◆ EXERCISE BRIEF: Starting from the line with "Первомайский номер советского" and going up to and including the line with "Members of an", copy the listing below exactly. Leave all images out.

◆ SOURCE DATA:

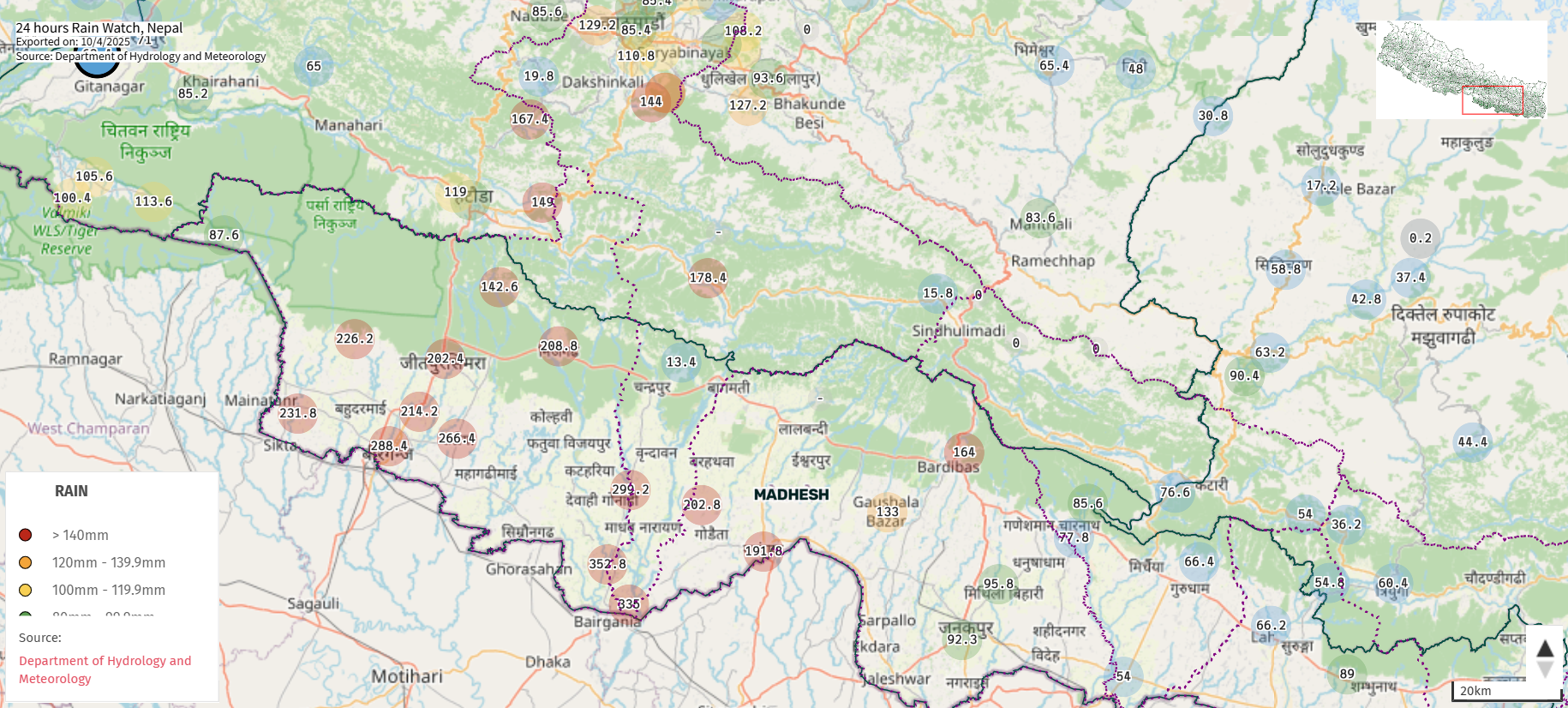 रौतहटको मशेपुर क्षेत्रमा पछिल्लो २४ घन्टामा ३५२.८ मिलिमिटर वर्षा भएको छ। रौतहटकै गौरमा ३३५, सर्लाही मनुस्मारा २०२.८, मलंगवामा १९१.८, रौतहटको गरूडामा २९९.२ बाराको निजगढमा २०८.८, कलैया २६६.४, पर्साको वीरगञ्ज २८८.४ मा, पर्साको मुडलीमा २३१.८, पर्साकै रंगपुरमा २६२.२ र सिमरा विमानस्थल २०२.४ मिलिमिटर वर्षा भएको छ।
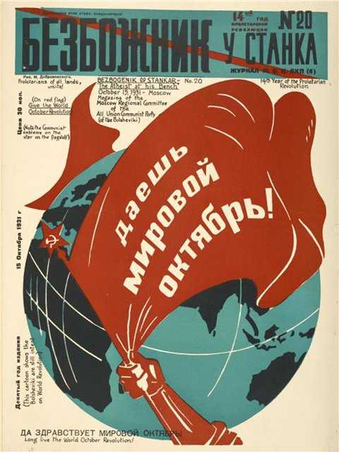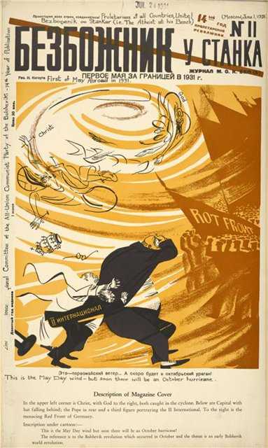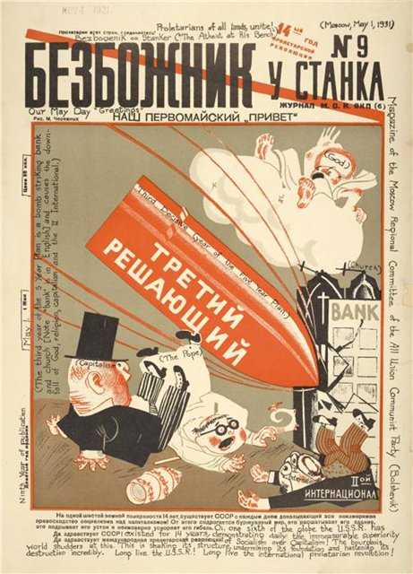 Первомайский номер советского антирелигиозного иллюстрированного журнала «Безбожник у станка» за 1926 год. Цена — 40 копеек. Главный иллюстратор — Дмитрий Моор. 22 страницы. На обложке журнала в рисунке обыграна один из главных интернациональных лозунгов коммунистов «Пролетарии всех стран, соединяйтесь».
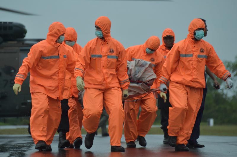 Members of an Indonesian search and rescue team carry items for investigation, found during the search operation for the missing AirAsia flight 8501, after being delivered by a Singapore Super Puma helicopter from the Republic of Singapore Air Force (RSAF) ‘RSS Persistence’ in Pangkalan Bun on January 4, 2015. (AFP)
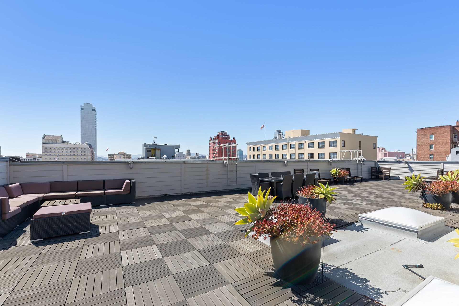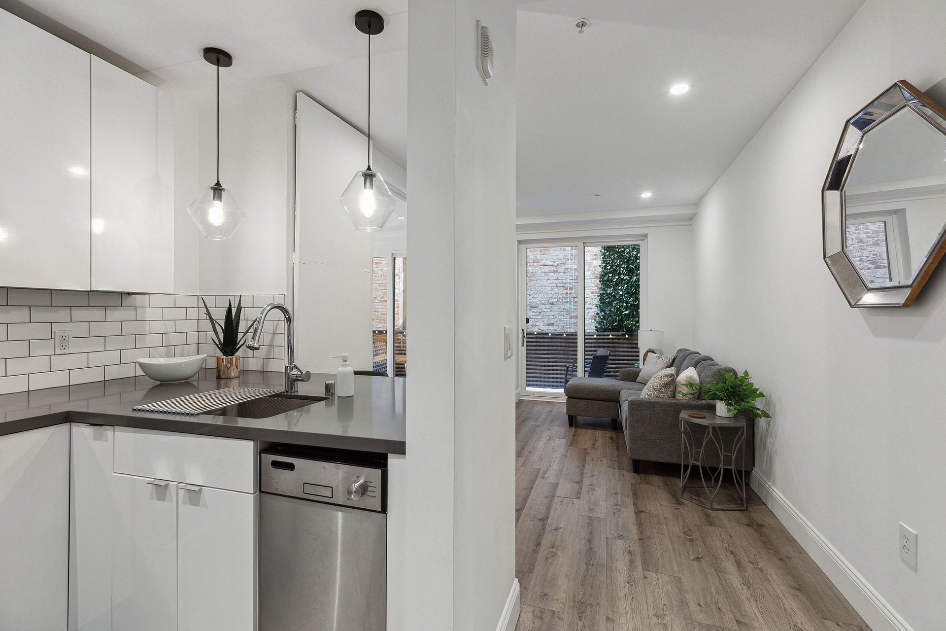 This 1 BD/1BA features a large private patio nestled into the side of the building - a rare, highly coveted feature in this building - provides a tranquil retreat from the city. Located within a completely refurbished historic boutique building with only 38 homes and originally constructed in 1909 and meticulously renovated in 2008. High-end finishes throughout including CaesarStone countertops, stainless steel appliances, including gas stove top, and recessed lighting throughout. The owner made several upgrades including the newly refinished hardwood flooring, marble bathroom flooring, backsplash in the kitchen, and recent painted with Benjamin Moore Paint, a newer Washer, nestled within the inner part of the building, it offers peace and privacy. This home has an in-unit washer (new in 2022) and dryer and features a large storage closet directly outside the front door of the unit. Residents also have access to a large rooftop patio with breathtaking downtown views and a secured bike room.
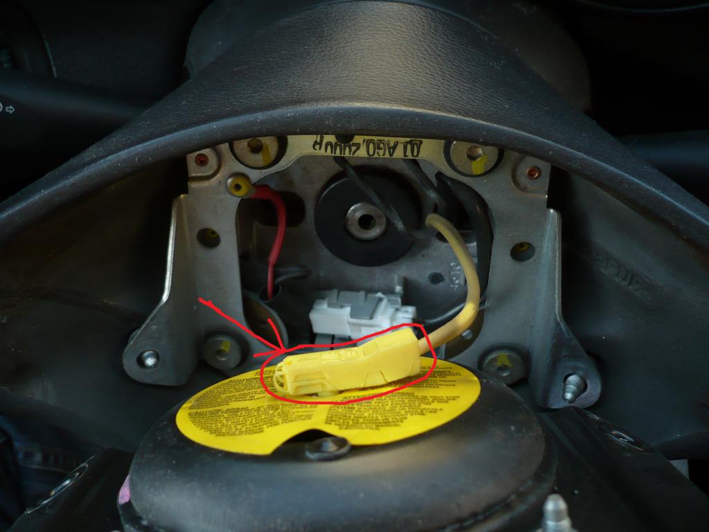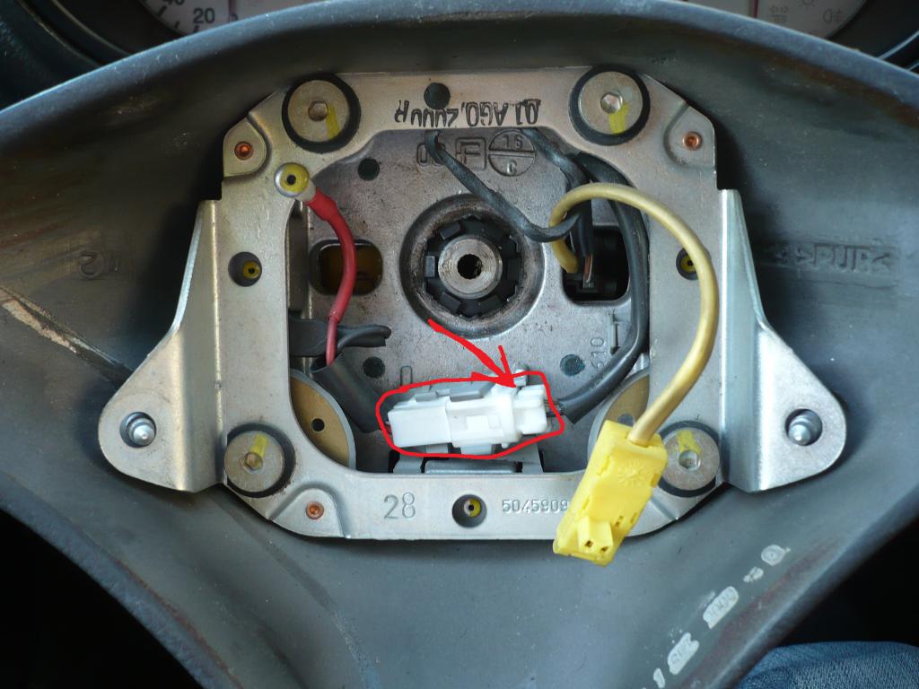 Krok 2. Odchylamy poduszkę powietrzną i odpinamy przewód (żółty) jest montowany na wcisk, następnie odpinamy przewód klaksonu (biały) i ściągamy zaślepkę (śrubokręt płaski)

◆ EXERCISE RESULT:
 Первомайский номер советского антирелигиозного иллюстрированного журнала «Безбожник у станка» за 1926 год. Цена — 40 копеек. Главный иллюстратор — Дмитрий Моор. 22 страницы. На обложке журнала в рисунке обыграна один из главных интернациональных лозунгов коммунистов «Пролетарии всех стран, соединяйтесь».
 Members of an Indonesian search and rescue team carry items for investigation, found during the search operation for the missing AirAsia flight 8501, after being delivered by a Singapore Super Puma helicopter from the Republic of Singapore Air Force (RSAF) ‘RSS Persistence’ in Pangkalan Bun on January 4, 2015. (AFP)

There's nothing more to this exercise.